Now that doesn't make sense without the second half of the Double Trouble Turners, but it will.
Zachary was 1 minute behind his brother and but was the first to give his mother a heart attack. Zachary had too much air in his stomach when he was born or something like that, nobody really ever explained it to me completely. Right after he was born, he could not keep anything on his stomach and it stayed like that so in the end the doctors fed him through a tube in the beginning to ensure he got the nutrients that he needed. It wasn't long until he was better but the reflux (as we later learned) continued until he was almost 5 months old. Zachary is a studier. He watches everything and doesn't perform when asked (Ben jumps when you say jump. Zach looks at you like you are a total loser). As you can see, Zachary got his mother's personality. He was the bitchest baby I have ever met and so mommy spent the first 4 months of his life attached to him.
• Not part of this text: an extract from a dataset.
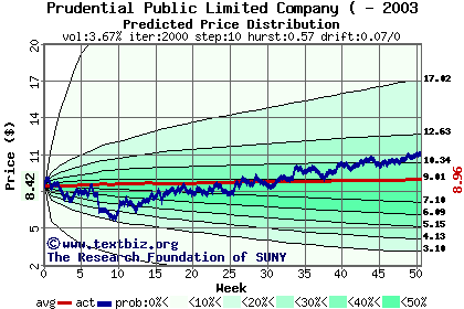 The high to date and low to date prices of the stock plotted against a random walk model for 2003 (what's this?).

I held him constantly, fed him, rocked him, changed him and soothed him. Now he only has eyes for Daddy, but hey, we have the same personality so that makes sense.
Zachary not only studies, he practices too. He would not crawl or walk in front of his father or I, but at night we could hear him crawling and walking in his cribs. Both boys are delayed with their speech, but at night, Zachary talks up a storm. Nothing we understand, but he talks. God forbid you try to show the boy anything, he hates that. He has to figure it out on his own and when he gets frustrated, he will begin tossing things across the floor (see where my personality ends and Paul's begins). Zachary is just a more serious and cautious boy than Benjamin, but as I love Ben living in broad strokes, I love Zach living in carefully plan diagrams with full scale models.
Zachary is also addicted to Television. He has been since he could first focus his eyes on it. He gets mad when the TV is turned off but his brother will soon distract him. He gets so excited to see Mickey Mouse or Pablo from The Backyardigans. He will hop up and down on his hinney. We find him sometimes sitting in the recliner holding the remote as if he is practicing for his teenage years. We actively try to limit his TV time but honestly some days it is just easier than hearing him whine.
Oh yes, Zachary is our whinner. As Ben can shatter glass with his screams, Zach can make you want to stick bamboo in your eardrums to stop the constant irritation caused by his lack of happiness. We love the boy, but sometimes I just want to say "Grow some balls boy!" but of course, he is 21 months old and I think I am expecting too much but man when he is 16 and whines at me I am setting him straight... right, yeah, by then he will have trained me better than that....
Zachary is also our love bug. He loves to hug and snuggle (while watching TV) but if you don't let him do what he wants he will make you pay. You will hear about it and it will continue until you distract him (see TV addiction as one solution to this problem).
So going back to what Paul and I say about Ben, "Ben will some day jump the ramp" and the second part of that is "Yeah, but Zach will probably build it and then run to tattle on Ben for doing it."
As you can see, I have boys that are night and day different (that's the reason I call myself the Sun-Moon Mom.) and for that I am blessed. I enjoy the freedom that comes from Ben's reckless abandon and the pride that comes from Zachary's joy of figuring something out. I know that as they grow up, I will continue to find joy in their differences. For now, all I can do is wait for the day when I hear "Mom, he jumped it and I helped."